In reading sci-fi, fantasy, zombie or vampire books, I am always very interested in the world building.  I thought that the world, the Community was pretty plausible.  Feeling and emotion is erased I think chemically by drinking medicine everyday.  Everything is planned and organized meticulously.  I like how at first, the world seems utopian until Jonas digs deeper and well, you see the world as it really is.  There is peace, but what is peace without freedom?  The moment where it really hit me was when I realized that the Community had no colour!  I guess everything was in black and white?  That's my favourite thing about how the book is written, when you are slowly made to realize that this perfect world is anything but.

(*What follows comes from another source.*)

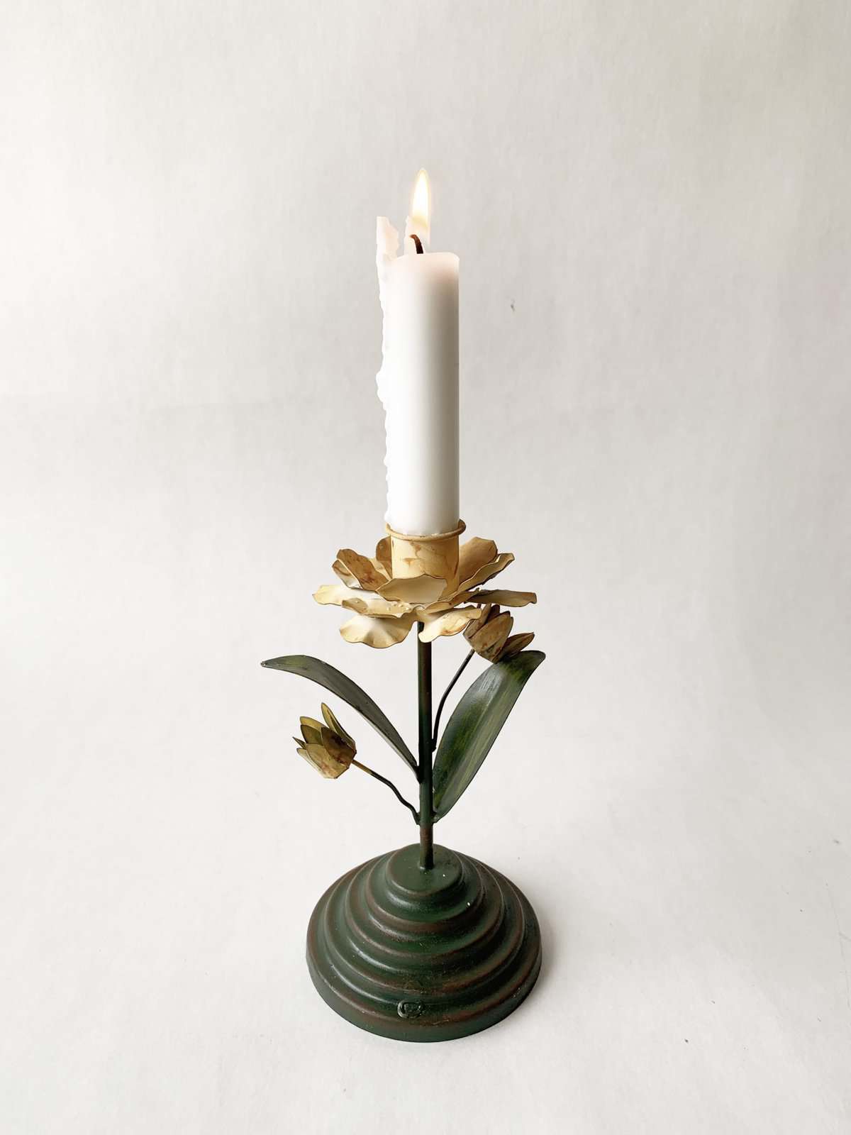 Lysestake metall rose h 17 cm gul

The thing that confused me a bit about the book was that I thought it was going to be pure science fiction but then there's Jonas with the special powers to see colour and to receive and feel memories.  I don't know, I guess it's not necessarily bad, just a bit disorienting.  I liked the book, but I was a bit disappointed that it was a bit simplistic, I guess.  Maybe because it's a children's book and it's supposed to be that way?  I just felt that the events leading to the ending were just.. that's it?  It gave me that sort of feeling.  But I actually liked the ending, in that Jonas was not able to magically fix or overturn the system.  The solution is smaller, more personal, but its effects still resound to the community and to the reader.

I live in a country where we didn't really have any public libraries and when I was a kid.  Our teachers didn't really assign us any books to read in grade school and brand new ones were pretty pricey for our family.  What I'm trying to say is, I think I would have liked this better if I had read this as the intended audience, when I was a kid.  As it is, I like it, but I wasn't really blown away.

PS.  Being a completist, my next three reviews will be the companion books.  The ending was sort of a cliff hanger so I was interested to know what really happened.